This work investigates the extremal structure, phase transition behavior, and spectral properties of the finite free Stam inequality under ℓ^p generalization. Leveraging the FlowBoost closed-loop deep generative optimization framework together with finite free convolution theory and ℓ^p-Fisher information analysis, the study establishes that for p = 2, the Hermite pair is the unique extremizer, and the spectrum of the associated linearized convolution operator is precisely characterized. For p ≠ 2, a sharp critical exponent p* emerges: when p < 2, extremal configurations undergo bifurcation, exhibiting bimodal root distributions. The paper further formulates a universal conjecture on the singular values of the coupling matrix E_n, yielding dimension-independent local stability constants and convergence rates in the central limit theorem, all corroborated by numerical experiments confirming the critical nature of p*.

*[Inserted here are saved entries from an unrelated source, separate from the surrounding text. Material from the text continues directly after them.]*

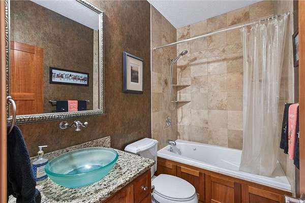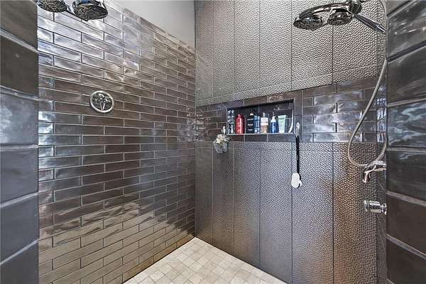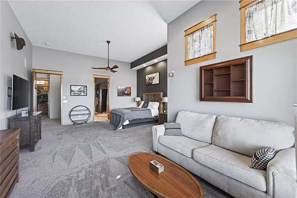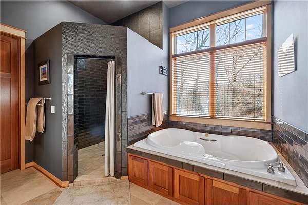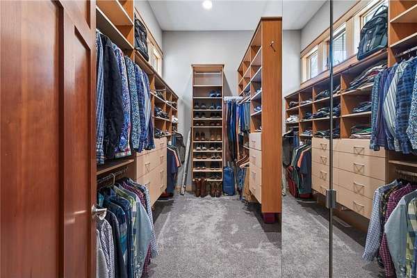 The main floor primary suite is a true retreat, complete with a sitting area and a spa-inspired bath featuring a jetted tub, a large two-person tiled walk-in shower, and a custom-organized walk-in closet that connects directly to the laundry room.
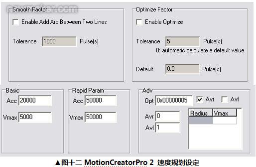 通過Softmotion的算法,新一代運動控制卡可根據(jù)用戶所提供的圖形數(shù)據(jù),自動規(guī)劃出優(yōu)化圖形路徑規(guī)劃,以縮短不必要的路徑并提升切割速度與平滑度。如此一來可減少不必要的重復(fù),大大的提升產(chǎn)能。 利用Softmotion內(nèi)的前瞻規(guī)劃(LookAhead)功能,當(dāng)運動軌跡有較大角度的轉(zhuǎn)折時,Softmotion會自動計算并提早降速,讓機構(gòu)可以順應(yīng)平滑的速度,平順的完成軌跡的移動。如此復(fù)雜功能的實現(xiàn),用戶僅需要輸入3個系統(tǒng)參數(shù),分別是「最大速 (Max. Velocity)」、「最大加速度 (Max. Acceleration)」以及「容許誤差量 (Tolerance)」(如圖十二)。通過Softmotion的內(nèi)部規(guī)劃,即可達(dá)成復(fù)雜圖形的軌跡運動。
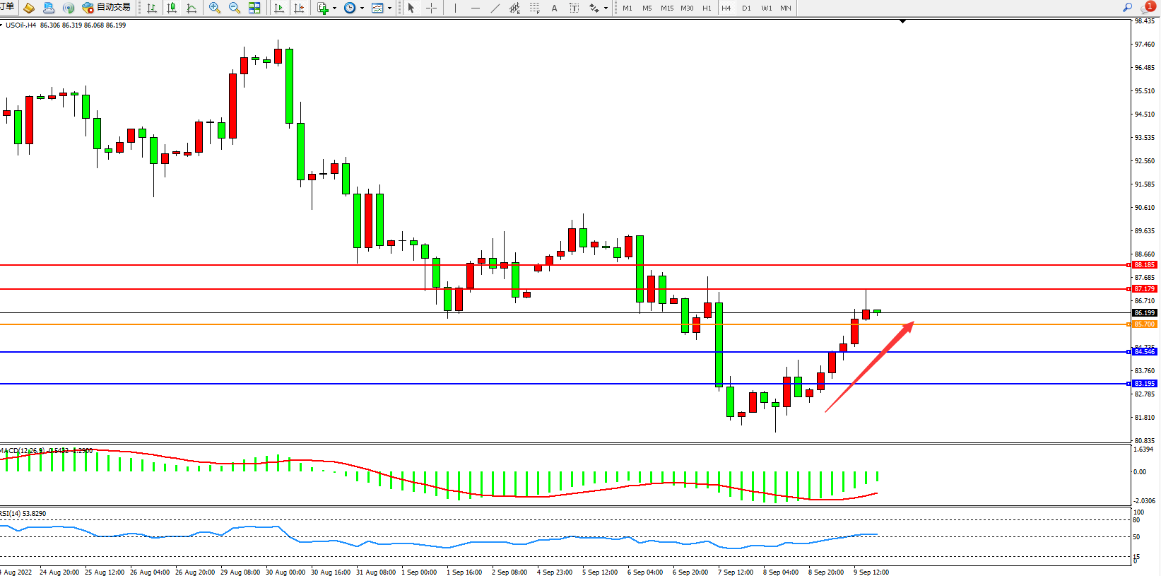 交易策略:85.700上方看涨,目标87.179、88.185

Using FlowBoost, a closed-loop deep generative optimization framework for extremal structure discovery, we investigate $\ell^p$-generalizations of the finite free Stam inequality for real-rooted polynomials under finite free additive convolution $\boxplus_n$. At $p=2$, FlowBoost finds the Hermite pair as the unique equality case and reveals the spectral structure of the linearized convolution map at this extremal point. As a result, we conjecture that the singular values of the doubly stochastic coupling matrix $E_n$ on the mean-zero subspace are ${2^{-k/2}:k=1,\ldots,n-1}$, independent of $n$. Conditional on this conjecture, we obtain a sharp local stability constant and the finite free CLT convergence rate, both uniform in $n$. We introduce a one-parameter family of $p$-Stam inequalities using $\ell^p$-Fisher information and prove that the Hermite pair itself violates the inequality for every $p>2$, with the sign of the deficit governed by the $\ell^p$-contraction ratio of $E_n$. Systematic computation via FlowBoost supports the conjecture that $p^*\!=2$ is the sharp critical exponent. For $p<2$, the extremal configurations undergo a bifurcation, meaning that they become non-matching pairs with bimodal root structure, converging back to the Hermite diagonal only as $p\to 2^-$. Our findings demonstrate that FlowBoost, can be an effective tool of mathematical discovery in infinite-dimensional extremal problems.